Roger Oakland writes:
“Even though some in the emerging church might consider the drumming at the Church of the Holy Comforter in Richmond a bit extreme, it is growing in popularity and use in the postmodern religious scene. And according to proponents, drumming is a doorway for ecumenical harmony” (Faith Undone, p. 70).
Oakland quotes Zachary Reid who says drumming “can transcend denominational and cultural boundaries” (“Feeling the Beat: The Spiritual Side of Drum Circles,” Richmond Times Dispatch, March 10, 2007).
Oakland also sites an article by Asher Main at the Calvin Institute of Christian Worship web site (March 2005), that says, “It would be to our advantage as worshippers to harness this resource that we see in secular world culture and adapt it and bring it into the church.”
I have a niece who was heavily involved in drum circles when she was using hallucinogenic drugs. The weekly drum circle became her “church.” She would dance for hours in a trance-like state, caught up in the power of rhythm. After she repented and got right with the Lord she realized that she had been communing with devils.

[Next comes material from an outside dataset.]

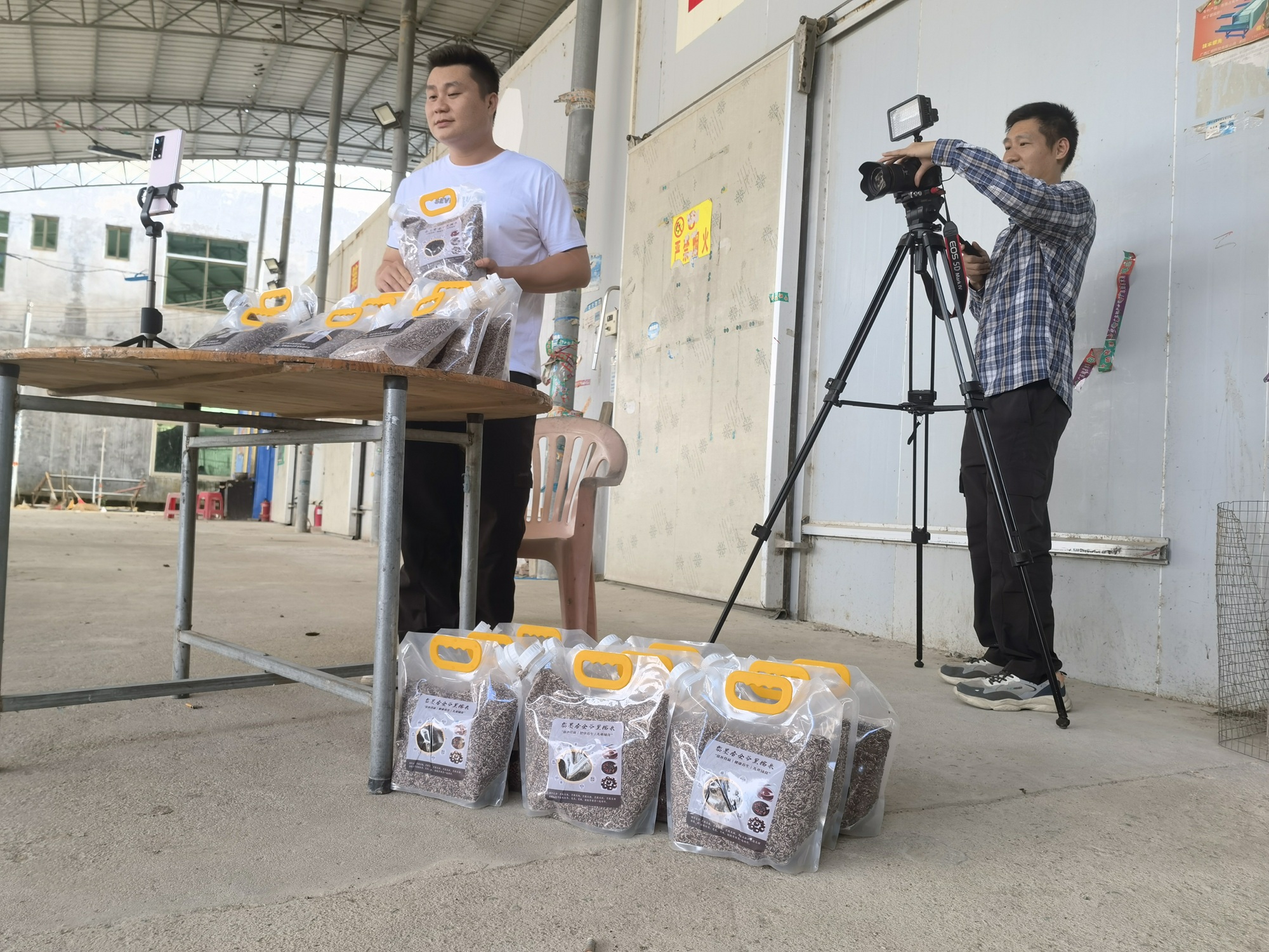 陵水光坡镇武山村:线上直播+线下联动热销黑糯米

Can you imagine the Lord Jesus and Peter and John sitting by the Lake of Galilee pounding away on drums in order to have a mystical experience with God, and the rest of the disciples dancing around in a trance!
When one lets go of a strict commitment to the Bible as the sole authority for faith and practice and rejects the biblical practice of separation from error (Romans 16:17; Ephesians 5:11), there is no end to the confusion that can result.
“Be sober, be vigilant; because your adversary the devil, as a roaring lion, walketh about, seeking whom he may devour” (1 Peter 5:8).